開発にあたって何をして、何をしてはならないのか気づかないまま20年以上過ごしてきた人が、簡単に変わることはないのです。

だからこそ言います。


その技術分野にはどういう人がいて同僚や上司になるのかを確かめよう。

まっとうな考え方をしている技術者かどうか。

もし、そうじゃないときには、あなたがどれほど情熱をもって取り組んで、

工夫を積み重ねていっても

それが報われずに終ることがある。


どういう理由であなたを雇おうとしているのかを注意深く聞き出そう。

前任者がやめている場合には、そのやめた理由が大事だ。

前任の開発者が、あまりのひどさに呆れてやめてしまっている場合があるからだ。

そのような会社では、やめていった技術者のことを幹部が悪く言いまくったりしていることがある。

そのような場合には、その前任者が苦しんだであろう組織的な問題をあなたが引き継ぐことになるだろう。


技術的な誠実さを持っているかどうか。

技術的な誠実さを持っていないと判断できる例があれば、さっさとその会社を候補から除外することです。

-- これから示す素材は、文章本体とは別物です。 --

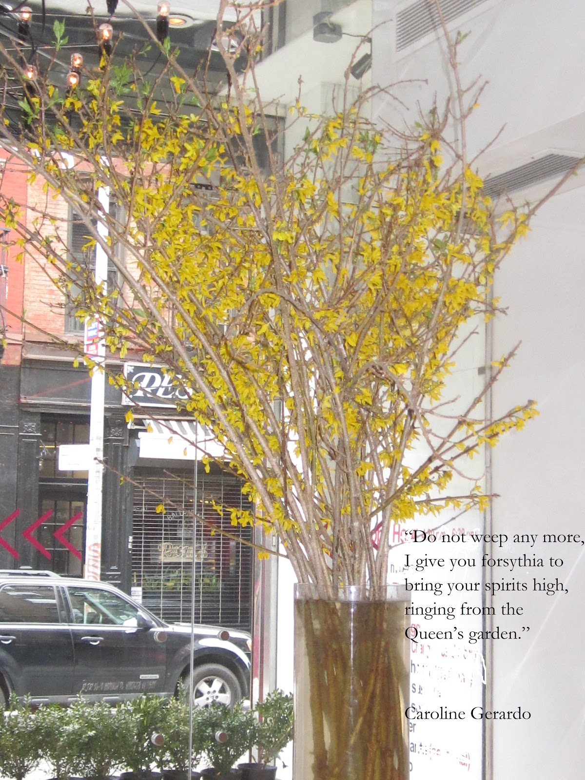 “Do not weep any more, I give you forsythia to bring your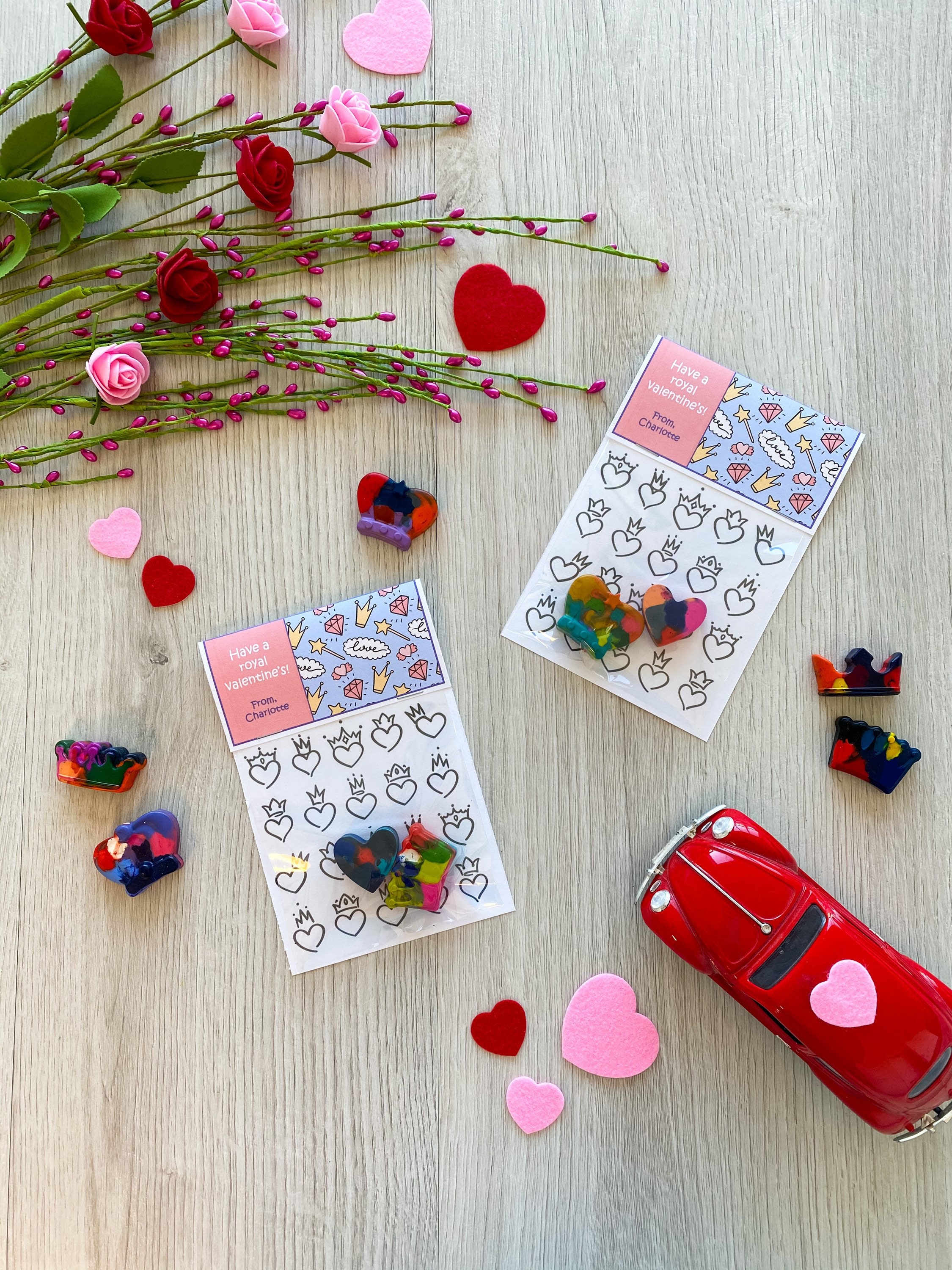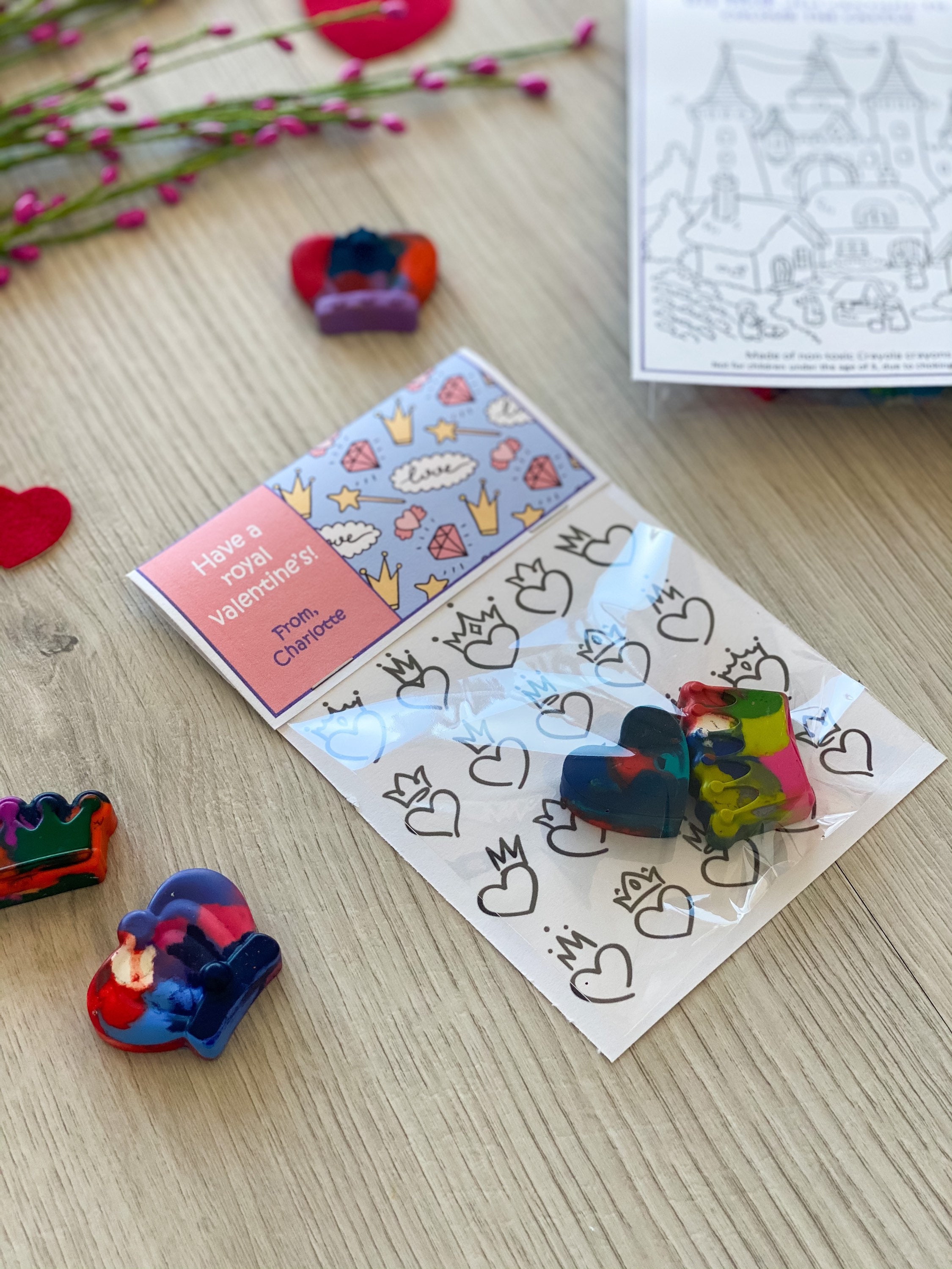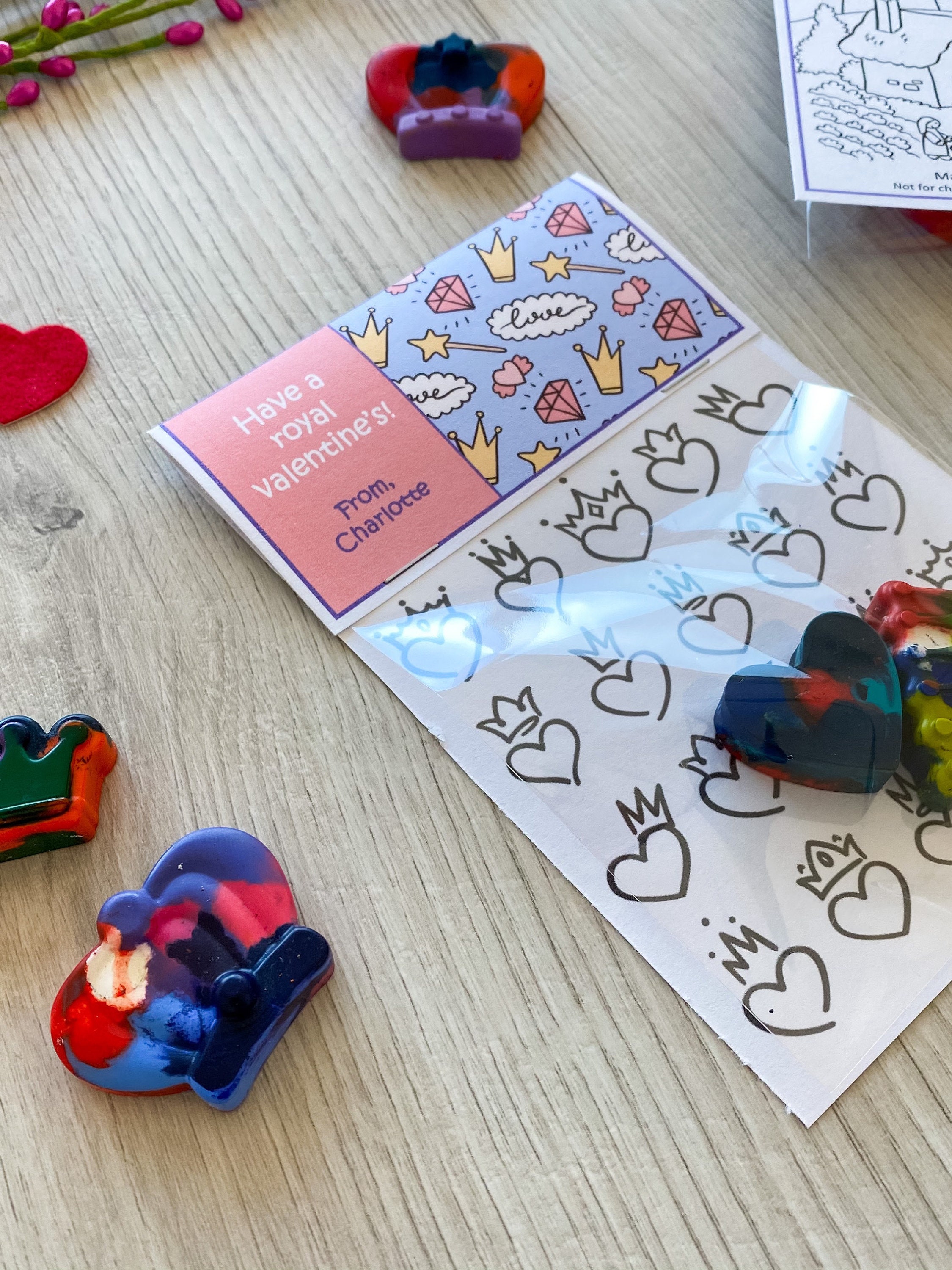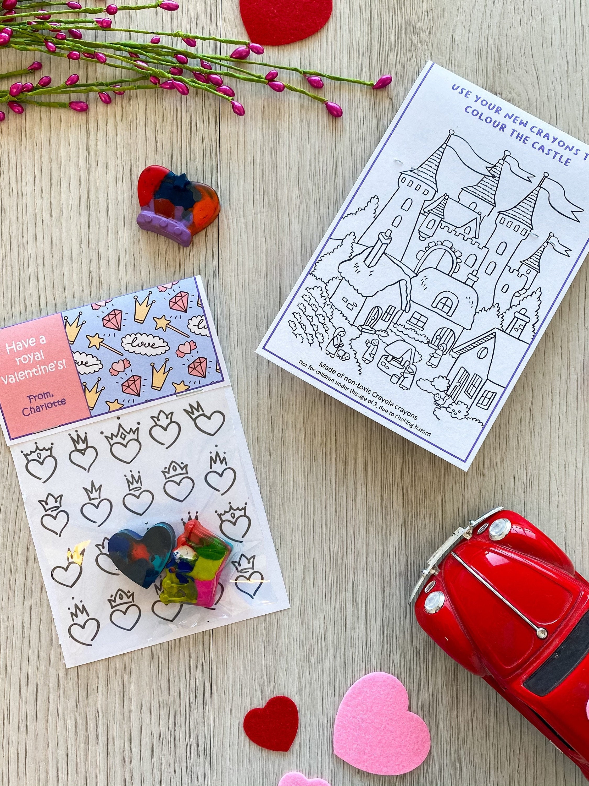 Valentine's Day Kids Cards - Valentines Day School Cards - Valentine's Day toy valentines - No Candy Valentines Day Cards - Valentines School Treats -β valentines classroom treats β kids classroom cards β kids thank you cards β kids school cards - craft Party favors - Valentines - unplugged activity kits β non candy valentines options - handmade unique shaped crayons - handmade crayons - multicolor crayon - color your own - crayon valentines - princess valentines

技術的な誠実さを持ちあわせていない会社は、現実に立ち向かっていく力があるように思えないからです。


経営者が技術者をどのように語ってるかに注意しよう

去っていった技術者のことを悪く言っている場合は、マイナスポイントだ。

人はそれぞれの判断で去る時は去る。技術的な要因か、人的な要因か、いずれの要因であれ、残って欲しかったの人が去っていったとしても、それは受け止めなければならないことだ。


その企業文化は、あなたのライフスタイルとあうかどうか冷静に見極めよう。

信用するにたる人かどうか見定める力量を持っていて、信頼するに足る人に任せられる範囲を任せる力を持っているかどうか?

企業文化があなたの流儀と相容れないものの場合は、大概の場合苦労します。しかも報われることがありません。

体育系のノリの体質が、技術の開発で成功に結びつくとは私には思えません。

自分をだめにしたくなければ、そのような会社を選ばないことです。


もくろみが外れたときにでも、自分の生活を維持できるしたたかさを忘れるな。

自分にはどういう強みがあると主張できて、それをまわりに認めさせられるだけの結果を出し続けよう。


自分の命を大切にすること。


  • あなたが責任感が強ければ、無理なことは無理だと言わなくてはなりません。

  • 助けが必要なときに助けを求めることはあなたの義務です。

  • あなた一人で抱え込んでしまっているうちに、状況は悪化してしまいます。悪化していないように見えても、残された時間が減ってしまっているので、実際には悪化しています。

  • 生真面目なあなたは、必要以上に仕事を背負い込んでしまって、責任感に駆られるかもしれません。

  • でもあなたの命を大切にしてください。

  • 企業だってどんどん逃げているんです(事業撤退・事業売却)。ましてや、あなた一人が逃げてならない理由はないでしょう。


自分の生活を安定してやっていけるようにしておこう。


  • リボ払いなんてしている人いないよね。

  • 見栄のためにお金を浪費しないこと。

  • 怪我をしても病気になっても、無収入が半年続いても持ちこたえられる現金を持っておくこと。

  • 確定拠出年金は、自分の金であっても引き出せないので、「自分の金ではない」ようなものだということを忘れるな。



採用する企業の方へ

採用したいと思っている優秀な技術者は、優秀であるほど複数のオファーを持っています。

「俺達が採用してやるんだ」という傲慢な意識で接して何もいいことはありません。

候補者の方も、面接に出ているあなたの側をみて、一緒に働きたいと思える人物かどうか観察しているのだということを忘れないでください。

いっしょに働くであろう同僚がどんな感じなのか、不安を減らすことが大事です。

その会社の社長さんが気に入ってくれたからといって、それは応募者の不安を和らげるものではないのです。

志をもった技術者は、「給料が稼げればいい」という安易な価値観を持っていません。自分の力を思いっきり出していくのに値する仕事かどうかを気にしています。自分の力を受け入れてもらって、仕事が進めやすい組織なのかどうかを気にします。

そのようにして獲得したメンバーは、きっとあなたの会社の力になるはずです。



特許検索で出願者の組織名で、検索してみよう。

特許検索ポータルサイト

そこで、どのような特許を出願しているのか、あるいは出願していないのかによって

その会社を推測することができます。


各種口コミサイトを検索してみるのもある。

最近は、割といろんな会社について口コミが出ている。

長所について書いているのは当てにならないことも多いが、

短所については、あたっている場合が少なくなさそうだ。